■ **Task instructions**: Repeat the listing that follows, character for character, minus the pictures.

■ **Data block**:
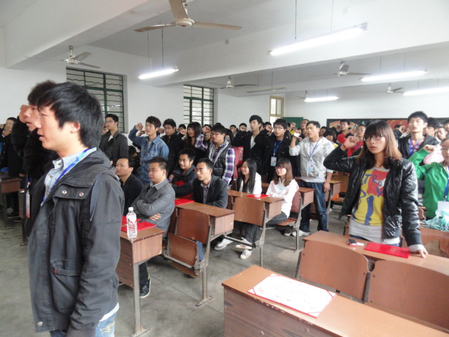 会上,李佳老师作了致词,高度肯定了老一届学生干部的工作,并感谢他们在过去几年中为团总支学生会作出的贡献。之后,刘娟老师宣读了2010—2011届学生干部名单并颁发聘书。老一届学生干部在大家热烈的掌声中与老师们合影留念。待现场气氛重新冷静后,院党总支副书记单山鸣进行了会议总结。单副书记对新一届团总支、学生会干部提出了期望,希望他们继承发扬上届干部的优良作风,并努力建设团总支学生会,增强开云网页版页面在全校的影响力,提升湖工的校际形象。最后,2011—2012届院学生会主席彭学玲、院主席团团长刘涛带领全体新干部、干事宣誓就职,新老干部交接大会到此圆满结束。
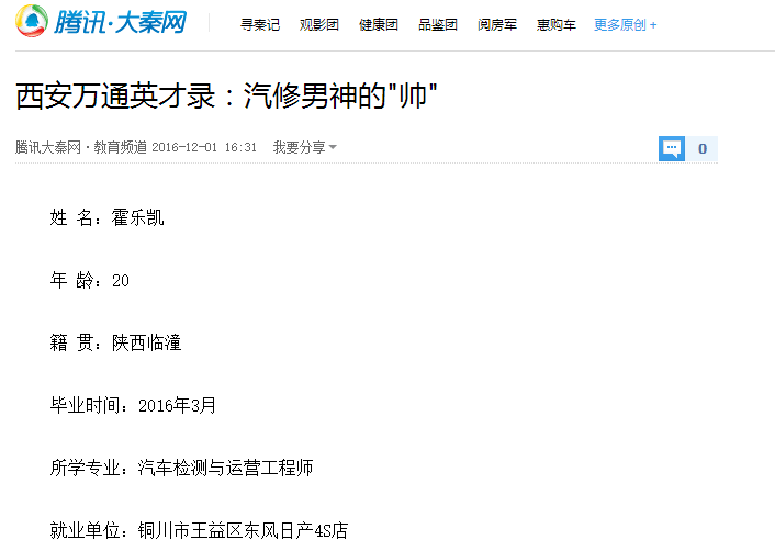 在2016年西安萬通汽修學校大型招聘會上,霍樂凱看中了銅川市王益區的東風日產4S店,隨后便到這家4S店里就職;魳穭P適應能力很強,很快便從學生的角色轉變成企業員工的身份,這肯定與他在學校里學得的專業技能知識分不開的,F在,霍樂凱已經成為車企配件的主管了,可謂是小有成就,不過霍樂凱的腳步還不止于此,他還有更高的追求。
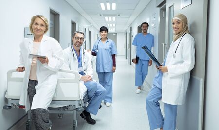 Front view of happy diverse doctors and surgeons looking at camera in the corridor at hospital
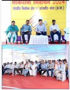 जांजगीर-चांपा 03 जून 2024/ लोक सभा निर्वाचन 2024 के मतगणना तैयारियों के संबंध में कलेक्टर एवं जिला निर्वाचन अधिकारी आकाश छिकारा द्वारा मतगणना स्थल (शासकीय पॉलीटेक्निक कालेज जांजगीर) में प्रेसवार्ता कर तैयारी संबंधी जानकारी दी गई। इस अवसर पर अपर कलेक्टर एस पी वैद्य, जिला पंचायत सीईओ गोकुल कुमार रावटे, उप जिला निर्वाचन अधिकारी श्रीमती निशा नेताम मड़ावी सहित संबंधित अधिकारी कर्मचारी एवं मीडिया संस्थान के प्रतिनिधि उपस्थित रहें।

■ **Written answer**:
 会上,李佳老师作了致词,高度肯定了老一届学生干部的工作,并感谢他们在过去几年中为团总支学生会作出的贡献。之后,刘娟老师宣读了2010—2011届学生干部名单并颁发聘书。老一届学生干部在大家热烈的掌声中与老师们合影留念。待现场气氛重新冷静后,院党总支副书记单山鸣进行了会议总结。单副书记对新一届团总支、学生会干部提出了期望,希望他们继承发扬上届干部的优良作风,并努力建设团总支学生会,增强开云网页版页面在全校的影响力,提升湖工的校际形象。最后,2011—2012届院学生会主席彭学玲、院主席团团长刘涛带领全体新干部、干事宣誓就职,新老干部交接大会到此圆满结束。
 在2016年西安萬通汽修學校大型招聘會上,霍樂凱看中了銅川市王益區的東風日產4S店,隨后便到這家4S店里就職;魳穭P適應能力很強,很快便從學生的角色轉變成企業員工的身份,這肯定與他在學校里學得的專業技能知識分不開的,F在,霍樂凱已經成為車企配件的主管了,可謂是小有成就,不過霍樂凱的腳步還不止于此,他還有更高的追求。
 Front view of happy diverse doctors and surgeons looking at camera in the corridor at hospital
 जांजगीर-चांपा 03 जून 2024/ लोक सभा निर्वाचन 2024 के मतगणना तैयारियों के संबंध में कलेक्टर एवं जिला निर्वाचन अधिकारी आकाश छिकारा द्वारा मतगणना स्थल (शासकीय पॉलीटेक्निक कालेज जांजगीर) में प्रेसवार्ता कर तैयारी संबंधी जानकारी दी गई। इस अवसर पर अपर कलेक्टर एस पी वैद्य, जिला पंचायत सीईओ गोकुल कुमार रावटे, उप जिला निर्वाचन अधिकारी श्रीमती निशा नेताम मड़ावी सहित संबंधित अधिकारी कर्मचारी एवं मीडिया संस्थान के प्रतिनिधि उपस्थित रहें।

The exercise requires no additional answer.